You dont ever want these babies in a tank with soil substrate!!!


----------



## Zapins (Jul 28, 2004)

Ewwwwww.


----------



## gato (Nov 24, 2009)

Tubifex?


----------



## Esteroali (Oct 1, 2007)

That is gross


----------



## NatalieT (Mar 20, 2007)

Those look just like the blackworms in my tank (except that in the movie, yours looked to be moving much faster than mine ever do.). I have a lot of them, but that's because I deliberately introduced them to my tank. It's an all-you-can-eat buffet for my cories! My blackworms eat fish food, and also things like dead shrimp (I saw a dead cherry shrimp, and 3 hours later it was an empty shell). Personally, I like them; but since it's obvious that you don't...

I know they live in the gravel and can travel on the roots of plants, so if you really want them gone, you could try moving only the tops of stem plants to a new tank, or swishing rooted plants in something to kill the worms (I haven't tried to kill them, but I suspect bleach would kill them just like it kills most aquatic things.) Or you could try sticking the plants in a completely bare tank (no gravel or soil) for a while, preferably with some worm-loving fish. That way all the worms could get picked off of the plants before you put them in a new tank.

You might have to get new substrate, but you might be able to kill the worms by drying it thoroughly--I think they have to be wet to live. Of course, if you're using dirt, you could just get new dirt; and if you're using gravel you could certainly wash it with as much bleach as you want (although you'd have quite a rinsing job to get the bleach out afterward.)

Good-luck!


----------



## dwalstad (Apr 14, 2006)

Looks like Blackworms to me. These are harmless aquatic worms, good to aerate substrate and excellent live food.

I added 11 juvenile Bettas to a 10 gal tank filled with blackworms. The Bettas-- pigs who are determined and dedicated hunters-- cleaned them out within a day.


----------



## mudboots (Jun 24, 2009)

Good or bad, that's awesome video documentation of your problem. My Apistos, cories and banded pygmy sunfish would have had a field day trying to catch them little critters. It looks like you had used soil from outside with so much fine particles in suspension; if so, go with Miraclegrow organic choice. Do the mineralization cycle (just my opinion) to avoid headaches. Not that I know what I'm talking about, but I took shortcuts and regretted it.

Thanks for sharing the video.


----------



## DarrylR (Dec 5, 2007)

They look like very good dancers ^__^.


----------



## dianainOH (Mar 21, 2009)

Loaches would love those wormies!
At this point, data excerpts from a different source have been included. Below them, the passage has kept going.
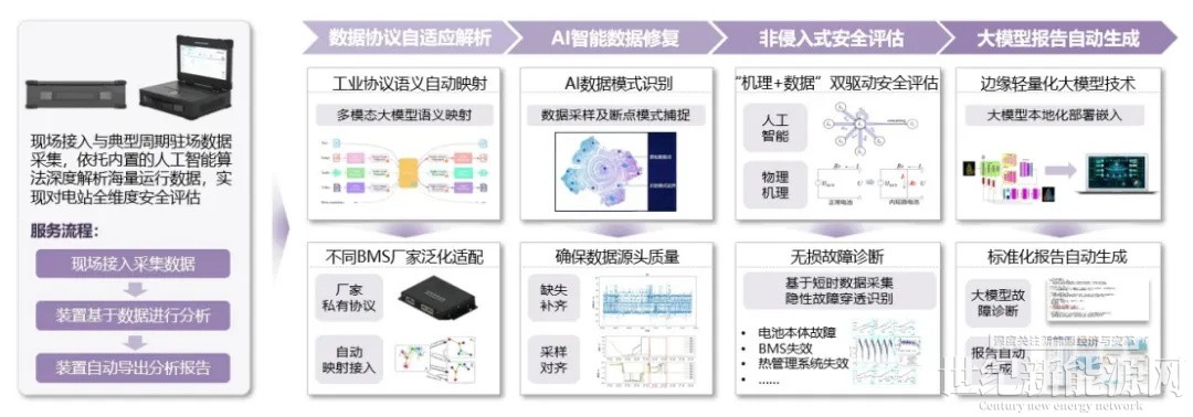 移动便携式安全检测装置:西清能源针对定期安全评估的需求,研发了非侵入式移动检测设备。该装置以前期全国5.8GWh在运场站的离线数据定期评价为技术基础,只需短时接入现场数据,即可利用内置AI算法与大模型,在不停机情况下完成全维度安全评估并自动生成报告,该装置采用“数据不出站”的本地化处理方式,支持多厂家BMS的零配置接入,通过内置的轻量化高算力AI引擎进行全维度的安全评估,并生成标准化的评估报告,将安全督导从“人治”推向“数治”。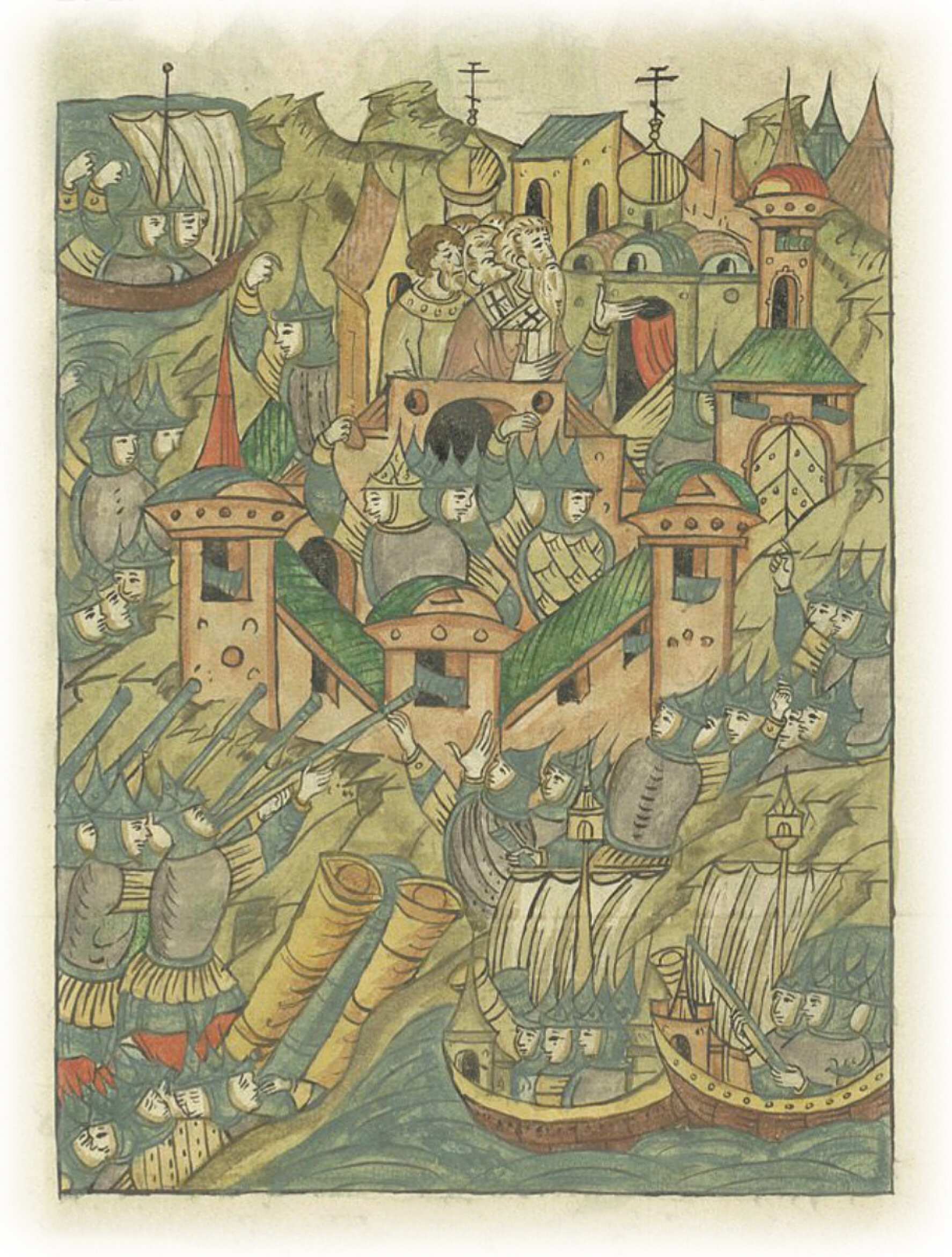 Городские же люди все вышли на стены и сопротивляясь им, бились крепко, и только патриарх и святители с священническим чином остались по церквам Божьим и молились Господу Богу со слезами и с рыданием.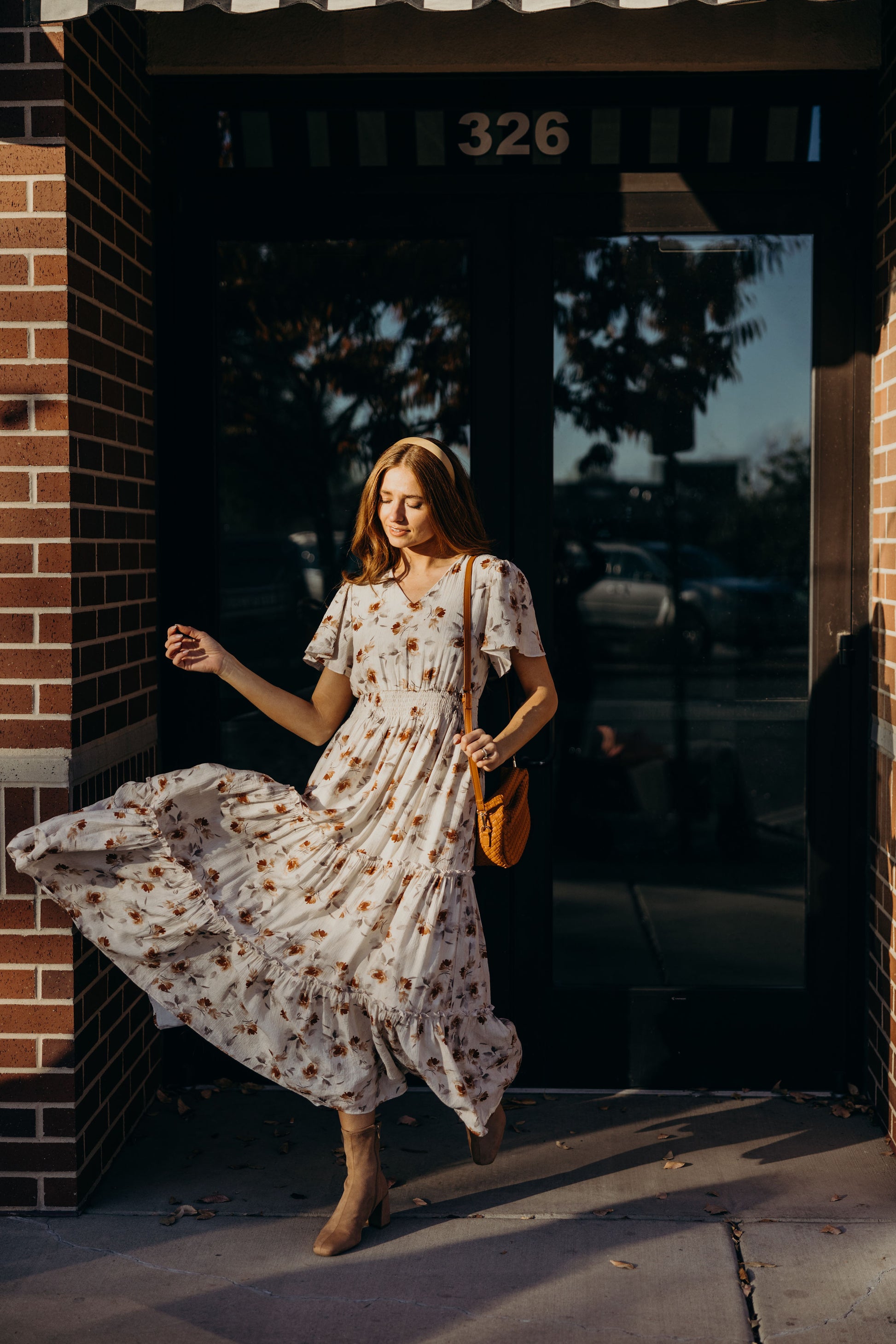 Full-length dress with a tiered skirt, elastic waist, v-neckline and flutter sleeves.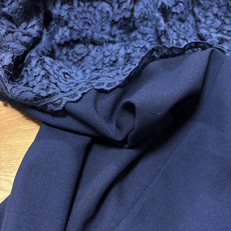 ミモレ丈のワンピースは落ち着いたネイビーカラーで、結婚式やパーティー、
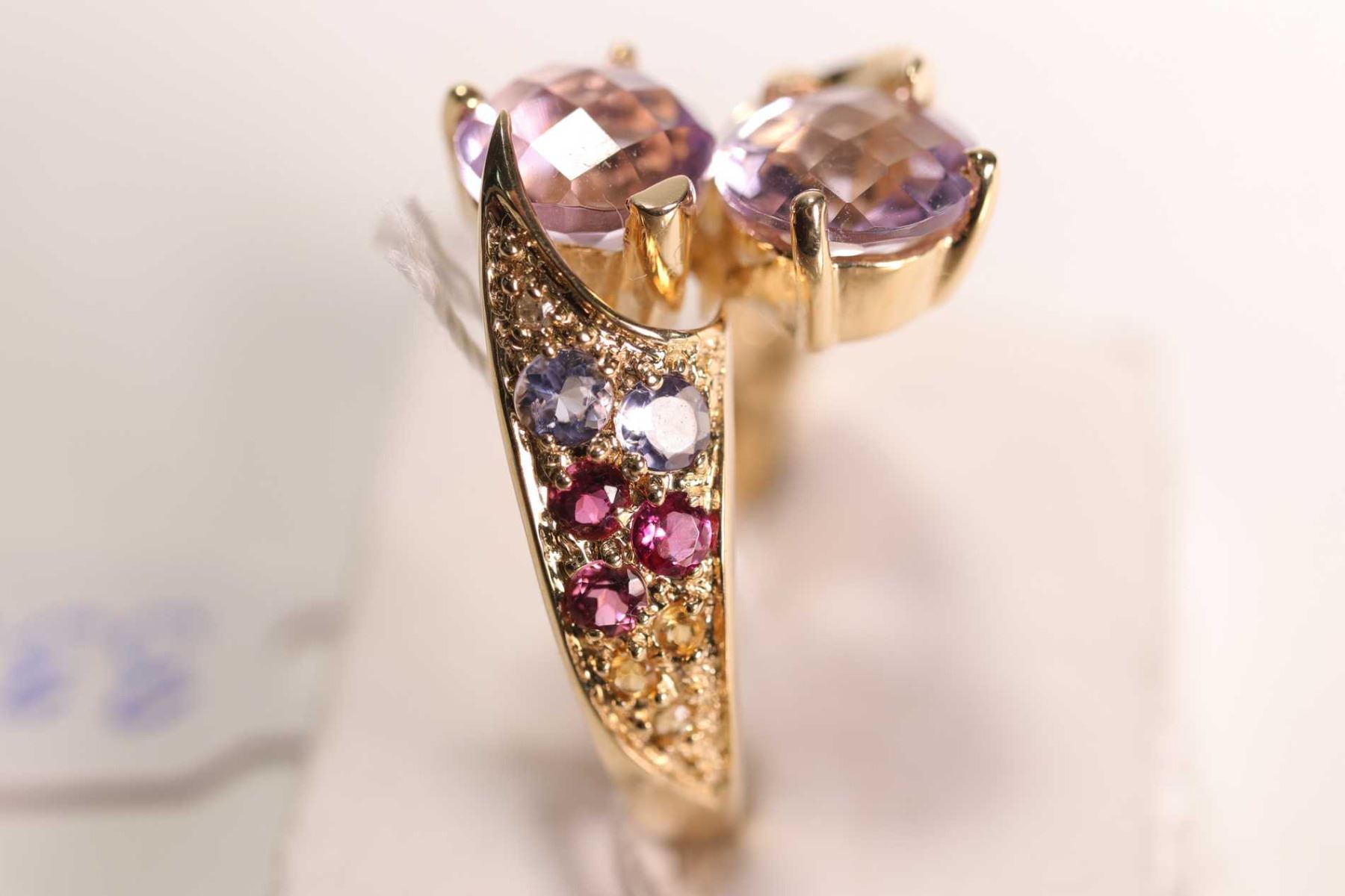 New old stock 14kt yellow gold, amethyst, tourmaline, tourmaline, citrine and diamond gemstone ring.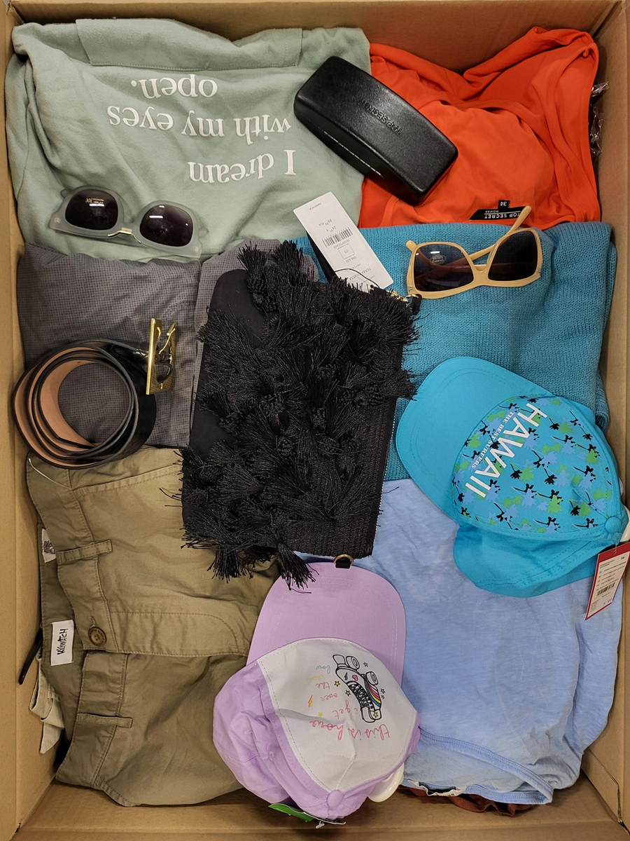 Pakiet w kategorii C ze znacznymi śladami użytkowania lub wadami. Pokazana górna warstwa to zawartość tego opakowania. Pakiet zawiera około 75 sztuk z czego 80% to odzież damska, 7% odzież męska, 13% odzież dziecięca oraz akcesoria.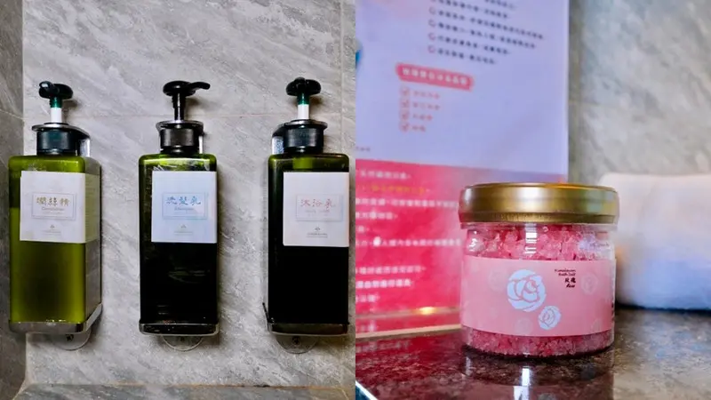 淋浴間牆面備有大瓶裝的洗髮乳、潤髮乳及沐浴乳。另外,還有寶石沐浴晶鹽,可以享受充滿香氛的療癒時光。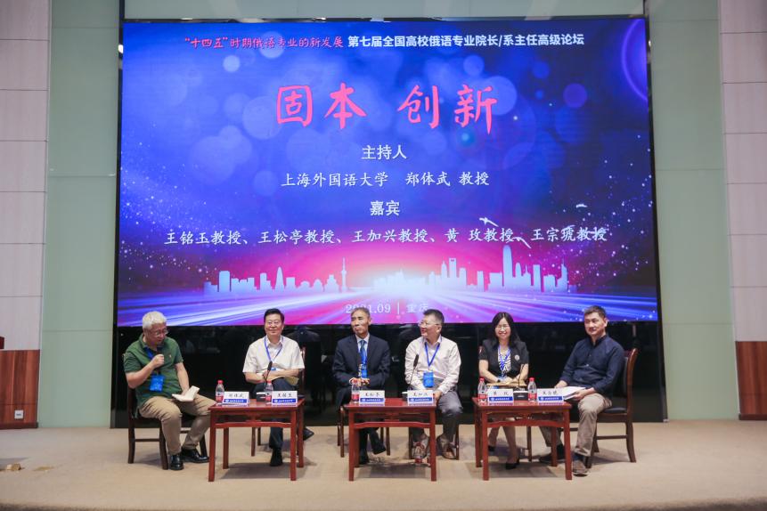 本次论坛还创新采用圆桌论坛的形式邀请知名专家进行主题研讨。圆桌论坛环节由上海外国语大学郑体武教授主持,王铭玉教授、王松亭教授、王加兴教授、黄玫教授、王宗琥教授担任圆桌论坛嘉宾,五位嘉宾围绕“固本、创新”主题以及新时期俄语专业建设如何回应外语语言学科五大方向的问题进行了精彩讨论。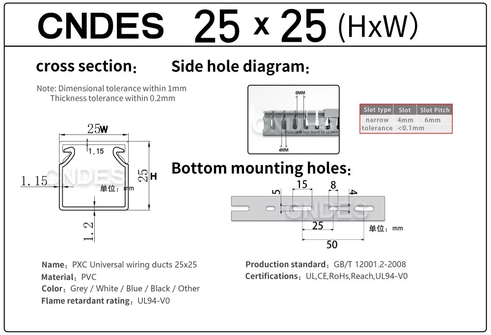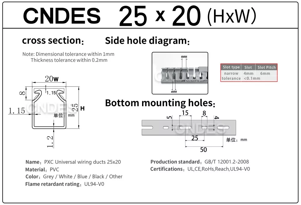 Melalui peralatan stamping presisi tinggi yang kami kembangkan secara independen, dikombinasikan dengan proses pemotongan otomatis tersegmentasi yang unik, CNDES dapat secara fleksibel memproduksi produk dalam berbagai spesifikasi, termasuk Saluran Panel Kontrol Berlubang PVC Tinggi 25mm Berkinerja Tinggi, memenuhi beragam kebutuhan pelanggan dalam lemari kontrol dan sistem kelistrikan.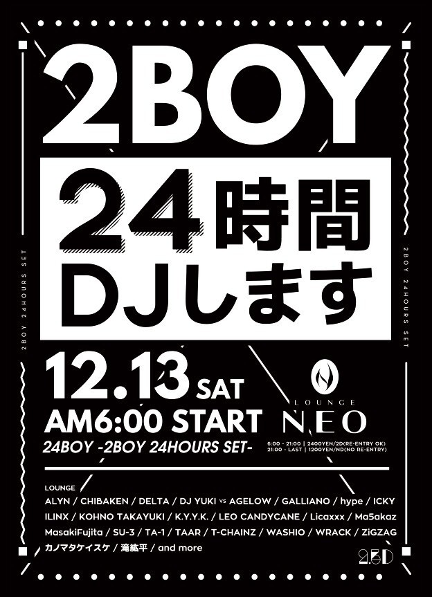 DJ、デザイナーとして活躍する渋谷・原宿のアイコン”2BOY”が12/13の朝6時からの24時間DJに挑むことが決定した。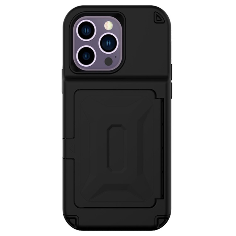 • For iPhone 14 Pro Cardcase Series Kickstand PC + TPU Case Mirror Function Card Holder Thickened Phone Cover - Made of premium PC + TPU material, solid and durable - Back card holder to hold your essential card for necessary - Designed with an acrylic mirror, convenient for checking your makeup - Kickstand design is for convenient free-hands use when watching movies or reading - All-wrapped edge and back to defend against bumps, drop, and scratches - Precise cut-outs and openings, with easy access to all features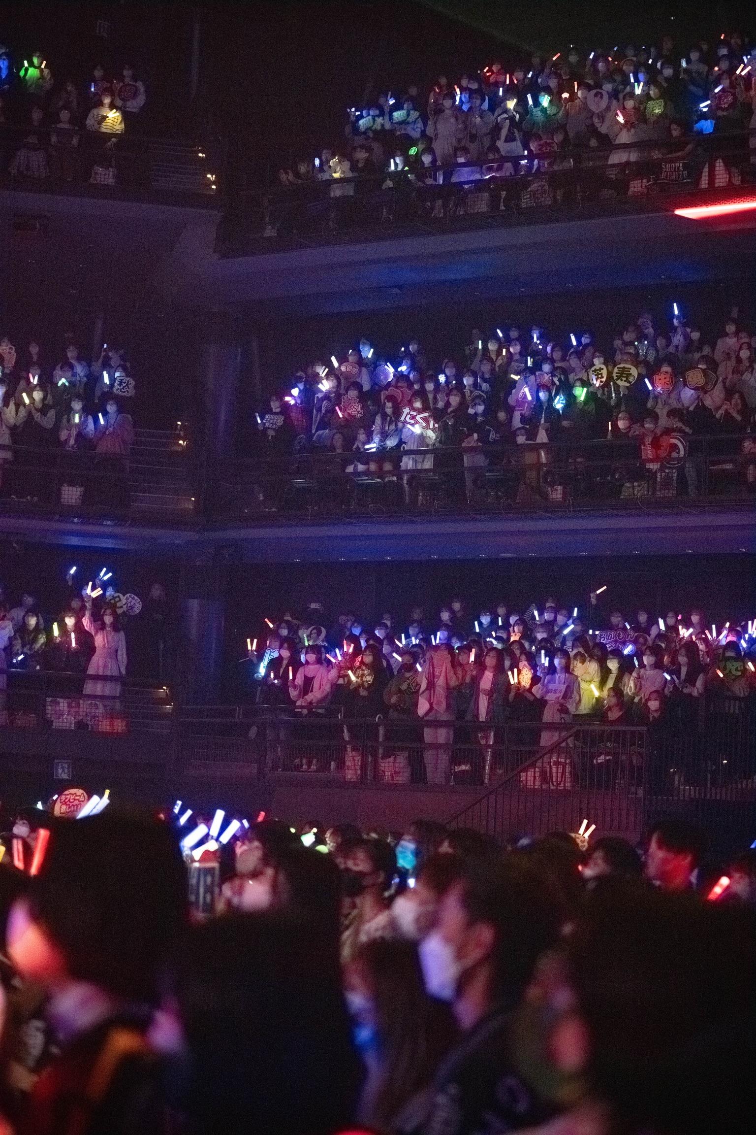 メインアクトの3組目はPSYCHIC FEVER。昨年7月のデビュー後、9月から約半年間、タイで“武者修行”を行ってきた彼らは、その半年間の鍛錬の成果を存分に発揮するようなエネルギーに満ちたライブパフォーマンスで聴衆を圧倒した。人差し指を掲げながら小刻みなステップを踏むサビのダンスが印象的な「Choose One」でライブをスタートさせると、「Spark It Up」では重低音響くアッパーなサウンドにオーディエンスも縦ノリでリズムに乗る。流れるように始まったショーケースでは、渡邉廉が得意のヒューマンビートボックスで多彩な音色を繰り出して観客の驚きを誘った。ライブ中盤には、5月17日にリリースされる1st EPからの新曲「BAKU BAKU」も披露され、メンバーはメロディアスなボーカルリレーとスキルフルながらキャッチーで楽しい振付のダンスでファンを魅了する。個々の卓越したスキルをしっかりと提示するパフォーマンスと、会場全体をパワフルに盛り上げてゆくライブ構成で客席をダンスホールに変えた彼らがラストに届けたのは「To The Top feat. DVI」。小波津志の「会場一体となりたいと思いますが、盛り上がっていけますか!」という呼びかけとともに、最後まで熱気あふれる歌とダンスを見せた7人は、全員で空を仰ぐポーズで曲を終えて最終アクトへとバトンをつないだ。

Kuhlies might even dig them out for you.


----------



## baos (Jul 3, 2009)

Wish I had them in my substrate


----------



## Tuiflies (Jan 21, 2010)

Gross! I think if my wife ever saw anything like that in my tank it'd be out the window!


----------



## Valley (Feb 28, 2007)

I want some! My fish would go crazy! If they come back let me know.


----------



## bmedeiros678 (Mar 26, 2007)

That was an awesome vid. What soil were you using? The only freebie I got with my soil was grass seed.


----------



## goddessjen (Dec 30, 2009)

:fear:ICK!!!! I might give up the hobby if I saw those...I have bugaphobia...Actually I really wish I hadn't watched the video now I have to go analyze my tank and make sure there just fish and snails lol...Even my shrimp scared me until the discus ate them all.:bolt:


----------



## Angie (Dec 4, 2005)

My female betta would be in hog heaven. How do you get them?


----------



## Cliff Mayes (Jan 29, 2007)

If you want Blackworms in your gravel then put some in.

I really found out how intense a predator Cories were when I saw them absolutely quivering as they hunted worms in the substrate. Simply put more worms in your tank than the inhabitants can eat and some worms will find their way into the gravel and will subsequently be hunted by certain fish that recognize them as food.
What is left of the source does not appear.